Data excerpts:
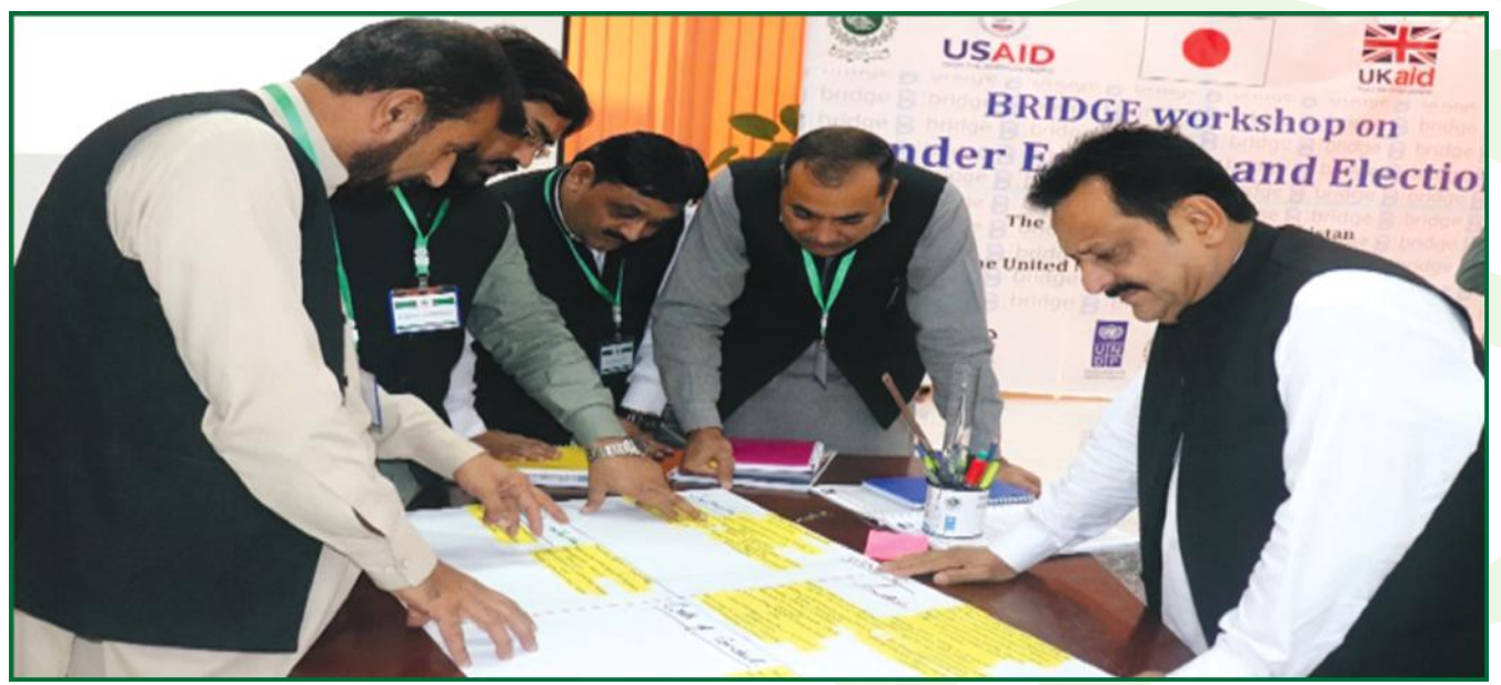
BRIDGE training workshop activities

The training of 8<sup>th</sup> batch of EMC was followed by two week long "Building Resources in Democracy Governance and Elections (BRIDGE)" training on different modules. The BRIDGE trainings were conducted on international pattern of adult learning techniques under the supervision of an International Training Expert.
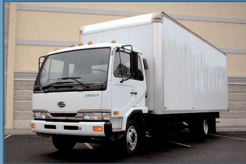
*UD2300LP shown here with dealer installed optional equipment.
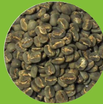
JUMBO EIGHTEEN PLUS
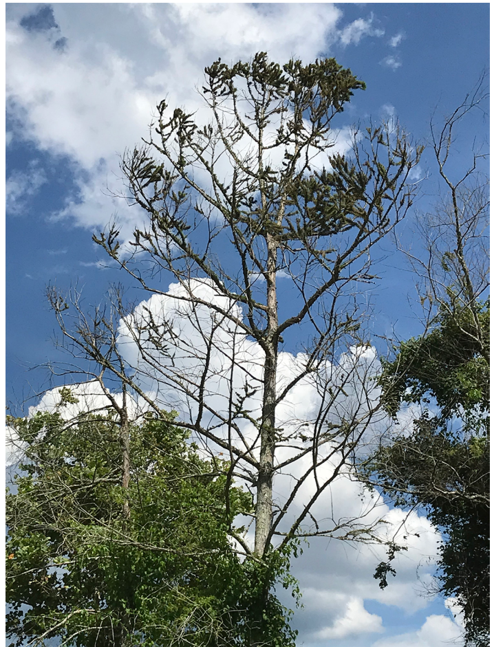
Figure 2. Growth-regulator herbicide drift effect on bald cypress near an agricultural field.

However, drift contact with foliage will result in leaf distortion and browning. Typically, drift of these herbicides does not result in woody species mortality but should still be avoided if possible. However, when rates exceeding label recommendations are used, 2,4-D and MCPP can be absorbed through the roots of woody species and result in injury and/or mortality.
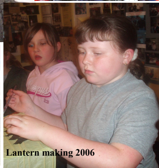
Lantern making 2006
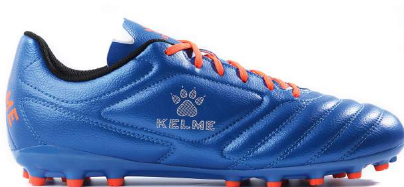
417 - Sapphire Blue
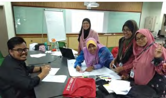
2 Days For 1 Semester Boot Camp
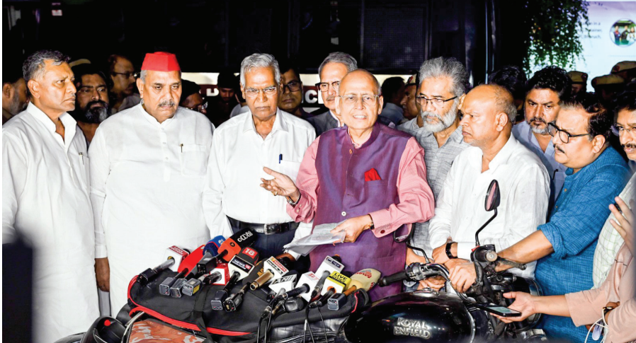
Congress leader Abhishek Manu Singhvi, flanked by other I.N.D.I.A bloc leaders, addresses a press briefing after the meeting with Election Commission of India, in New Delhi on Wednesday.

Leaders from 11 parties, including the Congress, RJD, CPI(M), CPI, CPI(ML) Liberation, NCP-SP and Samajwadi Party met Chief Election Commissioner Gyanesh Kumar and other Election Commissioners, objecting to the special scrutiny being conducted just a few months ahead of the assembly elections in Bihar.
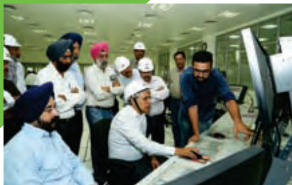
C&MD & Director (T) in Ammonia Control Room at Bathinda Plant
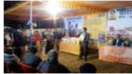
Kisan Mela at Kachrod, Ujjain

Customer engagement and Customer focused activities was the WR Lubes Way to celebrate Foundation Day !
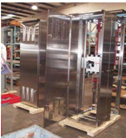
Stainless steel switchboard
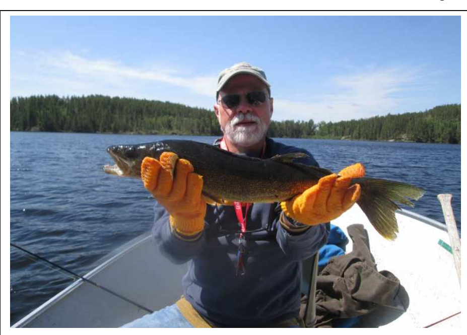
A 26.5 inch Walleye from Unnamed Lake June 14-21
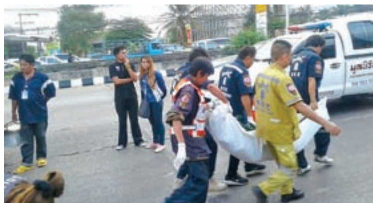
Bodies of Myanmar workers are taken by Thai police from the hospital to Thailand monastery.

Three Myanmar workers in Thailand were killed when a 10-wheeled vehicle struck them as they were riding their bicycles to work at 6 am yesterday.
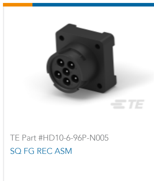
TE Part #HD10-6-96P-N005 SQ FG REC ASM
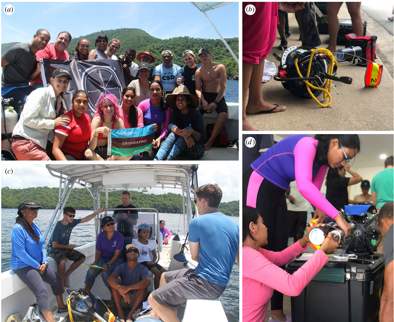
Figure 4. ‘My Deep Sea, My Backyard’ in Trinidad and Tobago. (a) The project team. (b) The National Geographic Deep-Sea Drop Camera. (c) Participants learning to deploy the National Geographic Deep-Sea Drop Camera at sea. (d) Participants learning to prepare the National Geographic Deep-Sea Drop Camera for deployment.
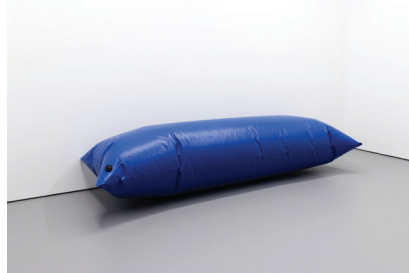
VF(2066-20) , 2026 acrylic on dunnage bag 23 x 96 x 23 in.
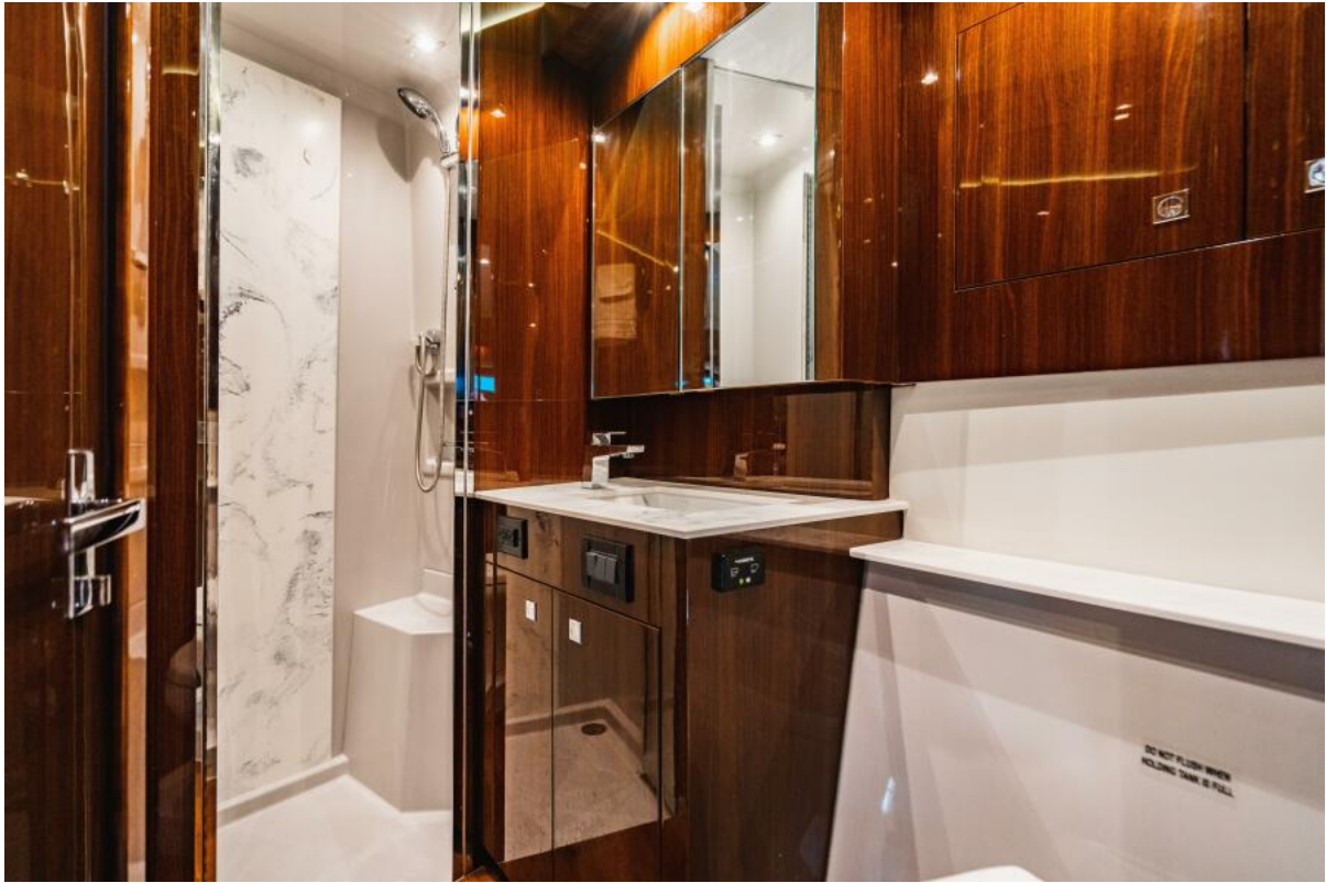
Lower deck guest bath
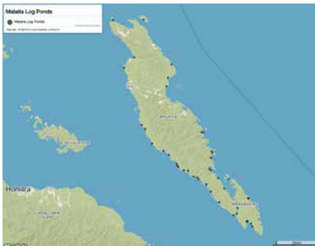
Figure 1. Distribution of log ponds on Malaita, 2019.

While this alarming situation affects both women and men, women and girls experience specific and far-reaching negative impacts owing to their marginalization in ownership and decision making regarding land and natural
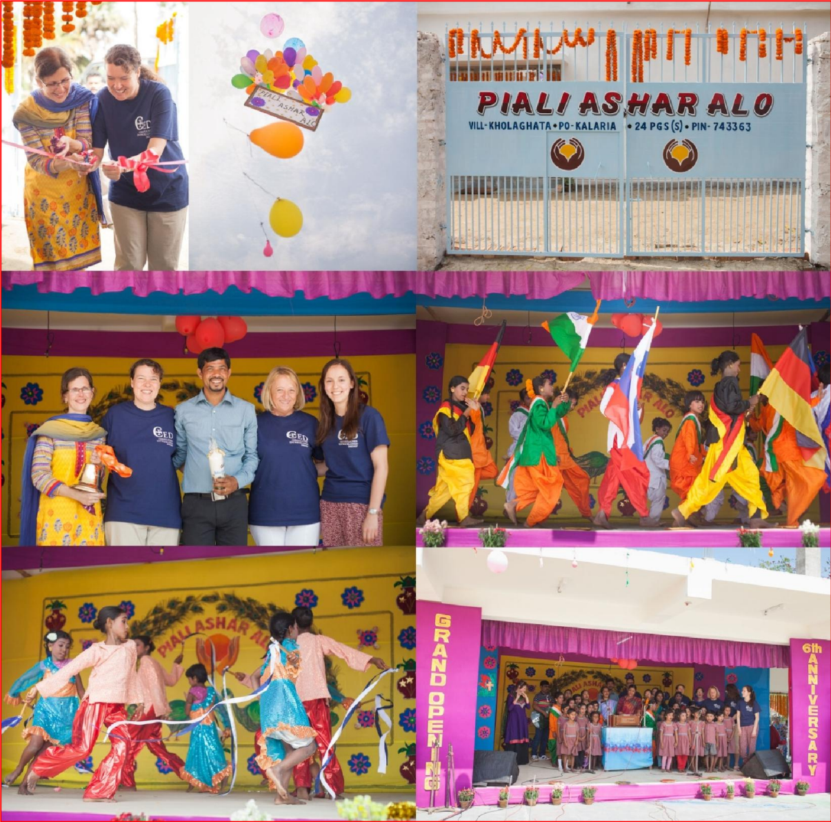
A few photographs from our special day:
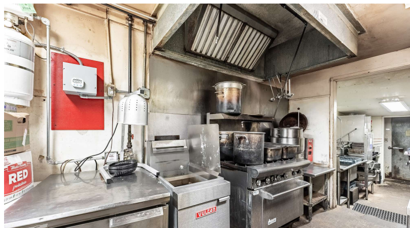
316 W Dickson St. Fayetteville, AR
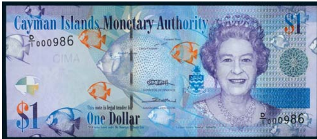
3331* Cayman Islands, Cayman Islands Monetary Authority, Elizabeth II, set of one, five, ten, twenty five, fifty and one hundred dollars, 2010 series, matching serial numbers D/1 000986 (P.38a-43a). Uncirculated, only 1,000 sets issued. (6) $450
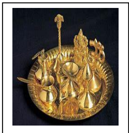
As well as worshipping in the mandir, Hindus worship at a shrine in the home.
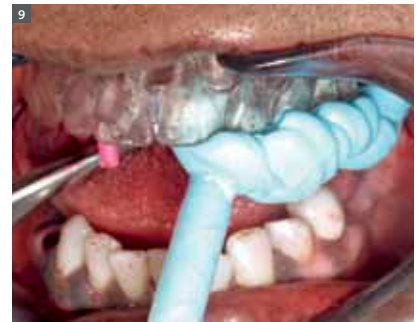
9 Blu-Mousse® application to identify the emergence of the Titanium Copings as well as preparation for pick up
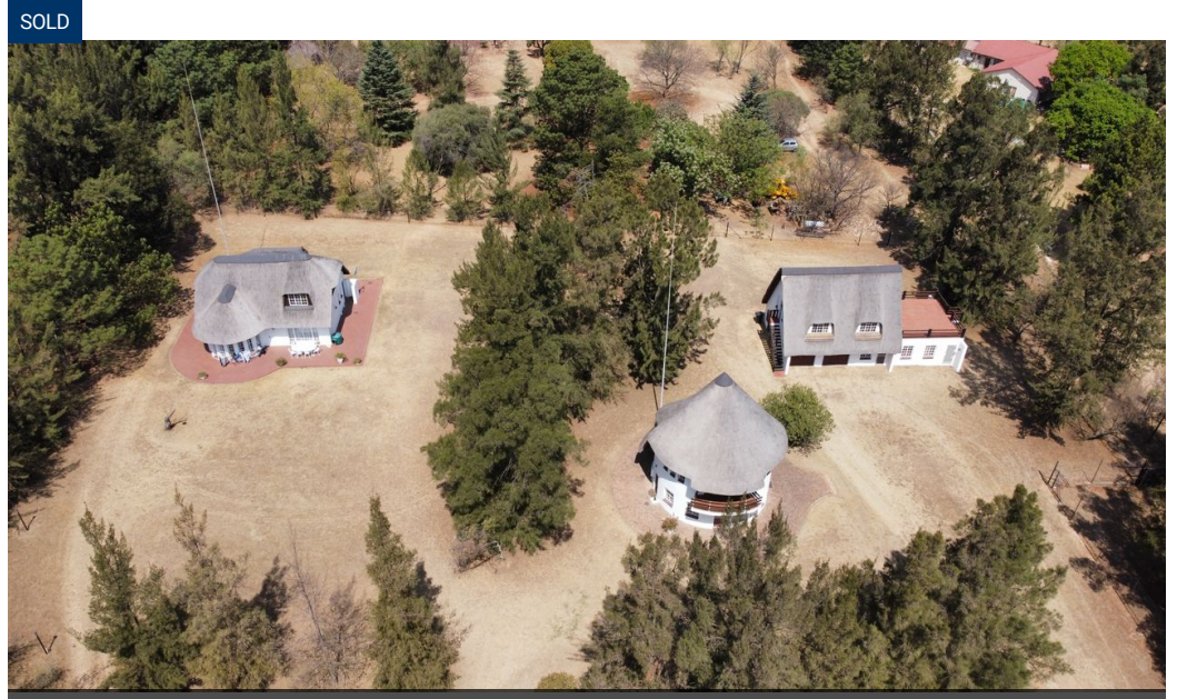
Web Ref RL4667

Exercise: Copy all the lines of data exactly as they appear, dropping any images.

Result of this exercise:
BRIDGE training workshop activities

The training of 8<sup>th</sup> batch of EMC was followed by two week long "Building Resources in Democracy Governance and Elections (BRIDGE)" training on different modules. The BRIDGE trainings were conducted on international pattern of adult learning techniques under the supervision of an International Training Expert.
*UD2300LP shown here with dealer installed optional equipment.
JUMBO EIGHTEEN PLUS
Figure 2. Growth-regulator herbicide drift effect on bald cypress near an agricultural field.

However, drift contact with foliage will result in leaf distortion and browning. Typically, drift of these herbicides does not result in woody species mortality but should still be avoided if possible. However, when rates exceeding label recommendations are used, 2,4-D and MCPP can be absorbed through the roots of woody species and result in injury and/or mortality.
Lantern making 2006
417 - Sapphire Blue
2 Days For 1 Semester Boot Camp
Congress leader Abhishek Manu Singhvi, flanked by other I.N.D.I.A bloc leaders, addresses a press briefing after the meeting with Election Commission of India, in New Delhi on Wednesday.

Leaders from 11 parties, including the Congress, RJD, CPI(M), CPI, CPI(ML) Liberation, NCP-SP and Samajwadi Party met Chief Election Commissioner Gyanesh Kumar and other Election Commissioners, objecting to the special scrutiny being conducted just a few months ahead of the assembly elections in Bihar.
C&MD & Director (T) in Ammonia Control Room at Bathinda Plant
Kisan Mela at Kachrod, Ujjain

Customer engagement and Customer focused activities was the WR Lubes Way to celebrate Foundation Day !
Stainless steel switchboard
A 26.5 inch Walleye from Unnamed Lake June 14-21
Bodies of Myanmar workers are taken by Thai police from the hospital to Thailand monastery.

Three Myanmar workers in Thailand were killed when a 10-wheeled vehicle struck them as they were riding their bicycles to work at 6 am yesterday.
TE Part #HD10-6-96P-N005 SQ FG REC ASM
Figure 4. ‘My Deep Sea, My Backyard’ in Trinidad and Tobago. (a) The project team. (b) The National Geographic Deep-Sea Drop Camera. (c) Participants learning to deploy the National Geographic Deep-Sea Drop Camera at sea. (d) Participants learning to prepare the National Geographic Deep-Sea Drop Camera for deployment.
VF(2066-20) , 2026 acrylic on dunnage bag 23 x 96 x 23 in.
Lower deck guest bath
Figure 1. Distribution of log ponds on Malaita, 2019.

While this alarming situation affects both women and men, women and girls experience specific and far-reaching negative impacts owing to their marginalization in ownership and decision making regarding land and natural
A few photographs from our special day:
316 W Dickson St. Fayetteville, AR
3331* Cayman Islands, Cayman Islands Monetary Authority, Elizabeth II, set of one, five, ten, twenty five, fifty and one hundred dollars, 2010 series, matching serial numbers D/1 000986 (P.38a-43a). Uncirculated, only 1,000 sets issued. (6) $450
As well as worshipping in the mandir, Hindus worship at a shrine in the home.
9 Blu-Mousse® application to identify the emergence of the Titanium Copings as well as preparation for pick up
Web Ref RL4667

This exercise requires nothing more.